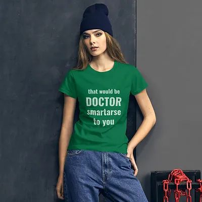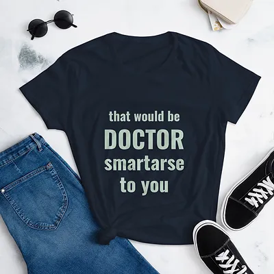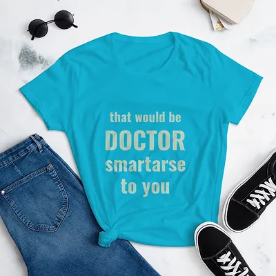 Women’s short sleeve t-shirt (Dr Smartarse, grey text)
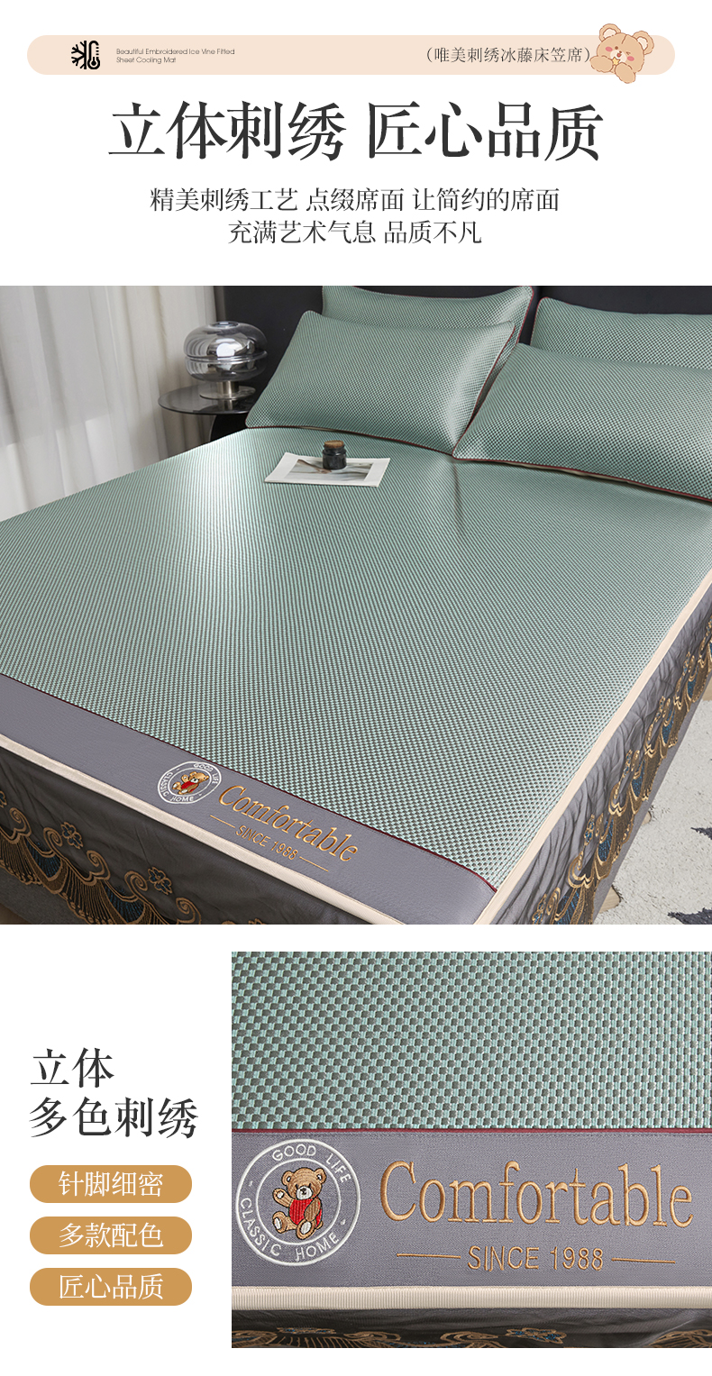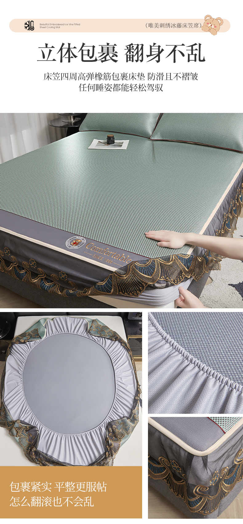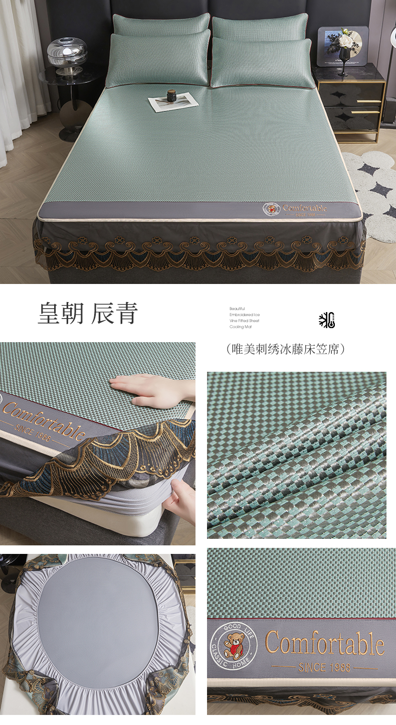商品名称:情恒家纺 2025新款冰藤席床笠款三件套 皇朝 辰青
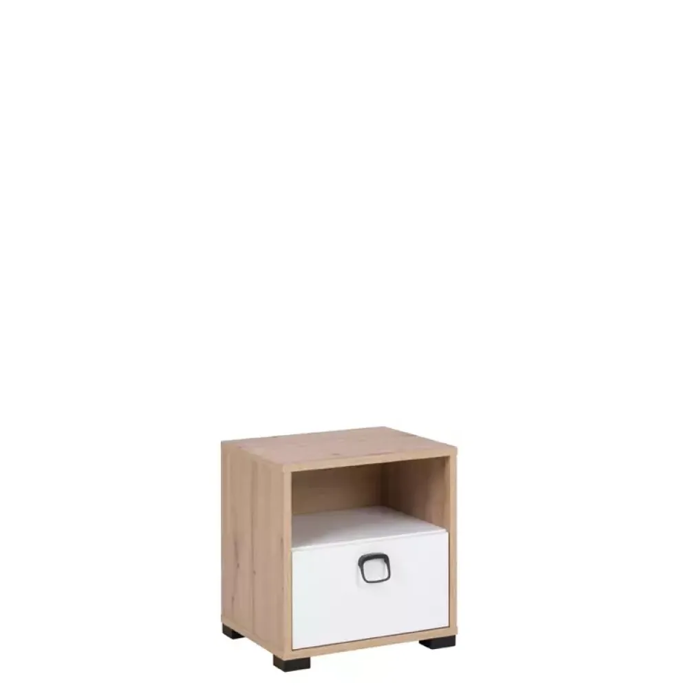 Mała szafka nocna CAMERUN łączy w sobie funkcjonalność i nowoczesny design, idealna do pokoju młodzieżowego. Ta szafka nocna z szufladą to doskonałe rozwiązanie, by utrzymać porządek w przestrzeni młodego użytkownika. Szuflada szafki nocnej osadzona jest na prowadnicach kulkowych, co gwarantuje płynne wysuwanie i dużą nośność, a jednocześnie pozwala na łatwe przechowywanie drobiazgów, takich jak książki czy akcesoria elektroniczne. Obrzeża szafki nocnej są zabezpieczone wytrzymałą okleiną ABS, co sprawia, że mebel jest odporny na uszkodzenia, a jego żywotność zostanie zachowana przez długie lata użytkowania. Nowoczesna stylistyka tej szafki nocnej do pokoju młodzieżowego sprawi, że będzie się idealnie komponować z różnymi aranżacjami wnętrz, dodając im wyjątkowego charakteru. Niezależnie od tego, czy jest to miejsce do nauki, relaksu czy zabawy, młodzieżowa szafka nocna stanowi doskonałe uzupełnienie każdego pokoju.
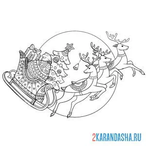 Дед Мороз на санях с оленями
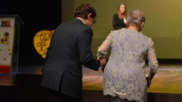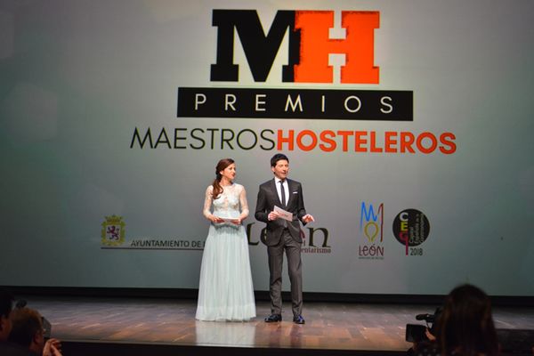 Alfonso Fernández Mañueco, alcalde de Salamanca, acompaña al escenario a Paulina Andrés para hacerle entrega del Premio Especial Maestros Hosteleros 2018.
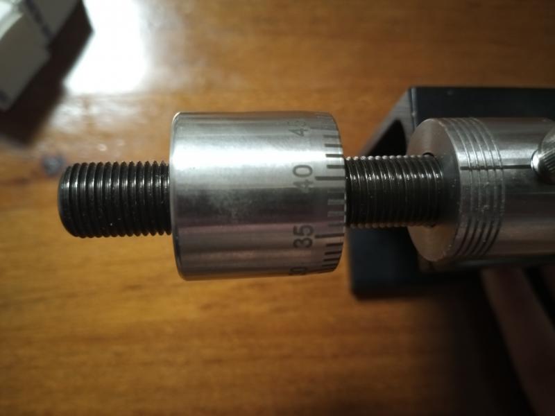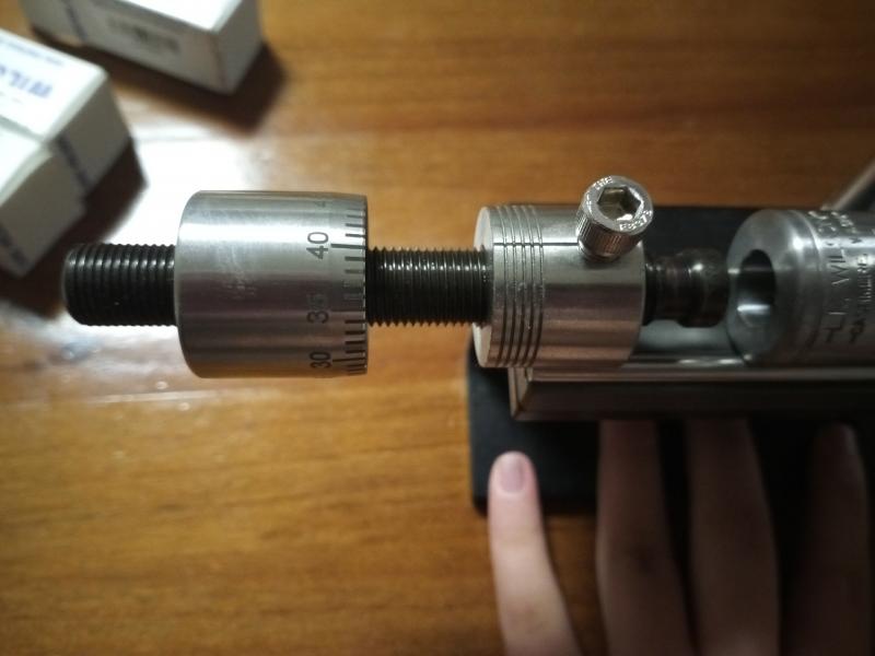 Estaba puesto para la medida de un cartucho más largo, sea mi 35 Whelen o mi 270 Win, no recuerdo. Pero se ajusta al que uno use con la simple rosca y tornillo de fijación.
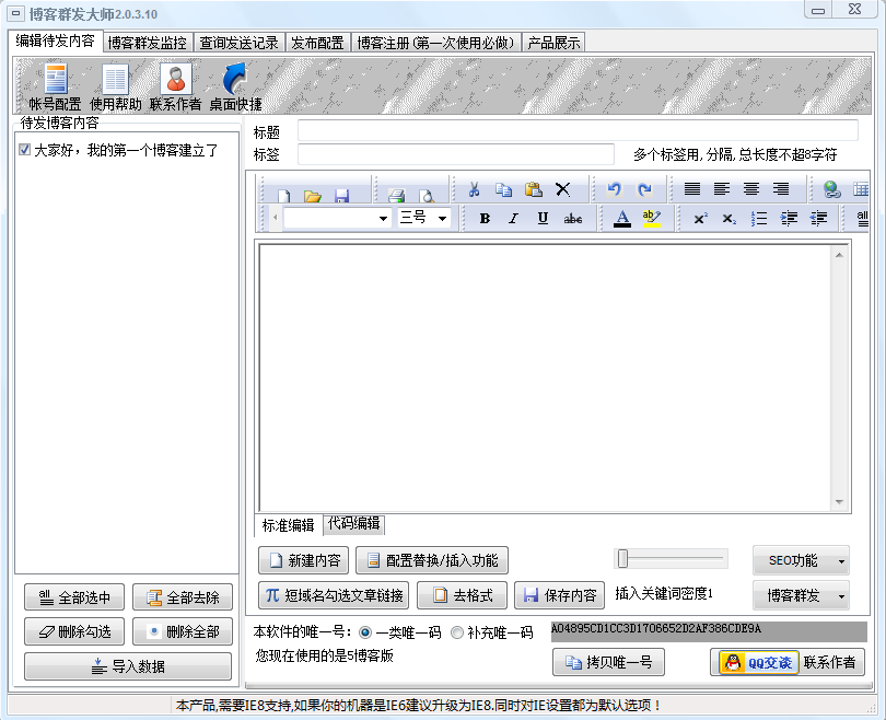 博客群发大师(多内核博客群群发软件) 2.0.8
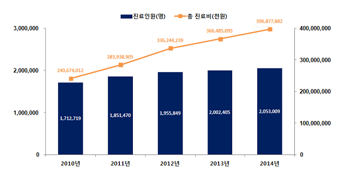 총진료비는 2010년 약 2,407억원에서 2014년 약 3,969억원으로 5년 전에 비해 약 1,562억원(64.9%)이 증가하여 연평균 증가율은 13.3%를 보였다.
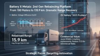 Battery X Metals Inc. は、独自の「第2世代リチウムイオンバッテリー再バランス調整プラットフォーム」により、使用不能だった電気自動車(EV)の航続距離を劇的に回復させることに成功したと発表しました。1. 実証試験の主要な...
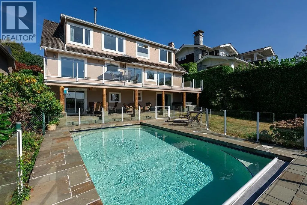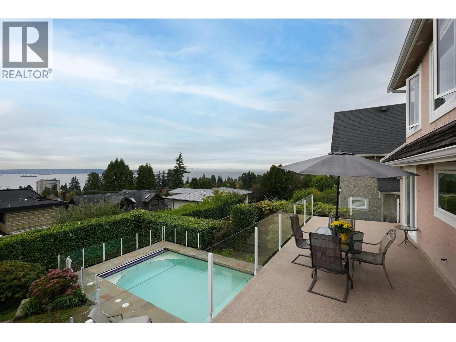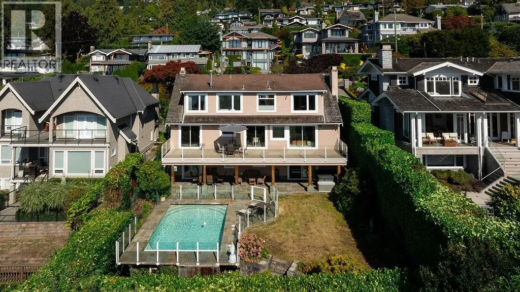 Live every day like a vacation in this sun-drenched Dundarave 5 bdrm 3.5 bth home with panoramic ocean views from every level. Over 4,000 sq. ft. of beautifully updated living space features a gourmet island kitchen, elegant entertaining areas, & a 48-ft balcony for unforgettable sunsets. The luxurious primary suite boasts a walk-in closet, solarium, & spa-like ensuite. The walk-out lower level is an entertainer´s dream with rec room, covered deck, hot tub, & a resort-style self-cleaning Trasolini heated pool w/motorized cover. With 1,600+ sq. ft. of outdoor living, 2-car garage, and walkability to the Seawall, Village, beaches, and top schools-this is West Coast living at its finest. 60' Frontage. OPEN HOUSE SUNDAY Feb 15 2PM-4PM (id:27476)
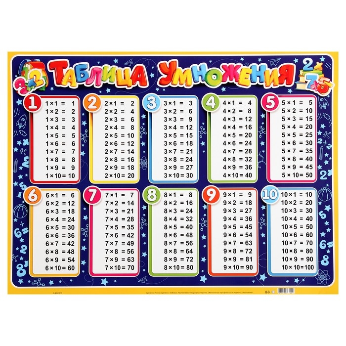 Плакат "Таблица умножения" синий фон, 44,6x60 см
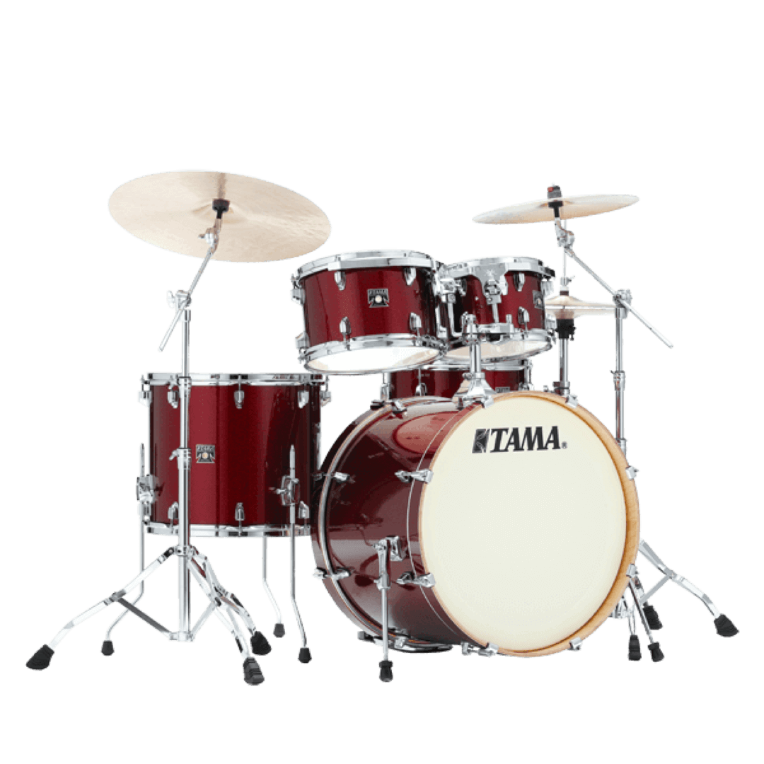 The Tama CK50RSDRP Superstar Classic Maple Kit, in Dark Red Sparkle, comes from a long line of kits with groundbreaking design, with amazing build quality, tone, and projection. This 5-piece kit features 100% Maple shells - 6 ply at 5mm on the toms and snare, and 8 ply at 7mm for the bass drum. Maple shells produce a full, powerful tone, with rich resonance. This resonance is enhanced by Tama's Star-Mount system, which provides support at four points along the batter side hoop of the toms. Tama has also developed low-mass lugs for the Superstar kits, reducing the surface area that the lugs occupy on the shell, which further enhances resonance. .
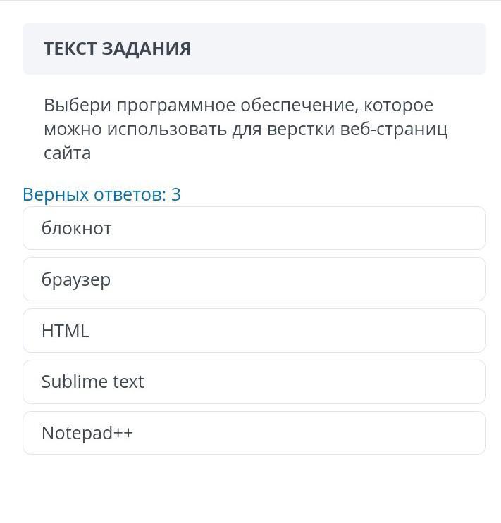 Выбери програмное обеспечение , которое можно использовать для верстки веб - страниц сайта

──────

Reproduce exactly the entries from their first line through the line containing "商品名称:情恒家纺 2025新款冰藤席床笠款三件套 皇朝 辰青", including both, and omit any pictures.

 Women’s short sleeve t-shirt (Dr Smartarse, grey text)
商品名称:情恒家纺 2025新款冰藤席床笠款三件套 皇朝 辰青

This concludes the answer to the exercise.